When contractors request price bids for a job, they're often asked to guarantee that the bid is firm and that there will be no cost overruns. Insurance works differently: premiums for key commercial coverages such as Workers' Compensation and General Liability are usually based on estimates made before the policy period, and final premiums are set after the policy period when actual figures are available.

That final adjustment typically happens after an insurance company performs an audit to verify payrolls, sales, or other exposure bases used to calculate the premium. The result of the audit can be a refund if the initial estimate was too high, or an additional premium bill if the estimate was too low.

Key takeaways

  • Workers' Compensation and some liability premiums are estimated and finalized after an audit.
  • An audit reconciles actual payrolls, receipts, or subcontractor usage with the insurer’s estimates.
  • Preparing records and understanding classifications can reduce surprises at audit time.

How it works

Insurers estimate your premium when they issue a policy because they must set a charge before the policy period starts. These estimates are based on anticipated payroll, revenues, and classifications of employees or operations.

After the policy expires, the insurer audits the business to determine the actual exposure bases. If the audit shows lower exposures than estimated, the insurer issues a refund; if it shows higher exposures, you receive a bill for the additional premium. For details on how payroll audits are conducted and what auditors look for, see Understanding Workers' Compensation Audits.

What it may cover (and what it may not)

Workers' Compensation typically covers employee payroll exposures and pays benefits for work-related injuries. General Liability premiums are often based on sales or subcontracted work for certain operations.

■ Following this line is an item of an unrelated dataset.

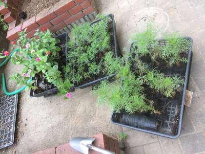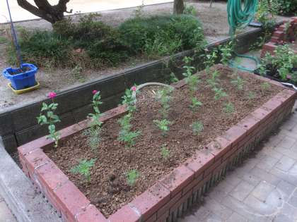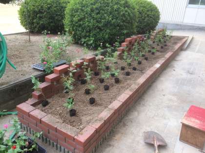 1年生の学習園に、コスモス・百日草・マリーゴールドが植え替えられました

Policies do not usually cover costs that are excluded by the contract language—such as penalties, fines, or employee benefits not listed in the policy—or exposure bases that were not disclosed. If you want a broader look at audit-related insurance topics, consult Audit Insurance.

Common mistakes to avoid

Failing to keep organized payroll and subcontractor records is a frequent cause of unexpected audit results. Without clear documentation, audits can overstate exposures or delay finalization.

Misclassifying employees, overlooking seasonal labor, or not reporting changes in operations during the policy period can also lead to higher-than-expected premiums after audit.

Questions to ask an agent

Ask how the insurer estimates premiums and what information they use to set initial figures.

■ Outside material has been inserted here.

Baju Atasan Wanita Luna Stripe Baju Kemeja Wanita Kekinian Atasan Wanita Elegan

Request clarification on which payroll categories, subcontractor payments, or receipts will be audited and what records you should keep to support the reported figures.

Ask about available classification codes and whether your operations qualify for any special classifications or credits that could lower your exposure.

Next steps

Keep clean, timely payroll and subcontractor records throughout the policy period, and document any operational changes so they can be reported promptly.

If you have concerns about an upcoming audit or want guidance preparing records, ask an agent for specific advice and assistance.

Frequently Asked Questions

Why do insurers estimate premiums instead of charging a fixed amount?

Because payrolls, sales, and other exposure bases that determine premiums are often unknown until the policy period ends, insurers use estimates and reconcile later through an audit.

When will I receive the final premium after my policy ends?

Final premium is determined after the insurer completes an audit, which usually takes place shortly after the policy term ends and your records are reviewed.

What records should I keep to avoid surprises at audit?

Maintain detailed payroll records, subcontractor invoices, certificates of insurance, and documentation of any operational changes during the policy period.

Can I dispute the audit results?

Yes, you can ask the insurer to review or explain findings and provide additional documentation if you believe the audit overstated your exposures.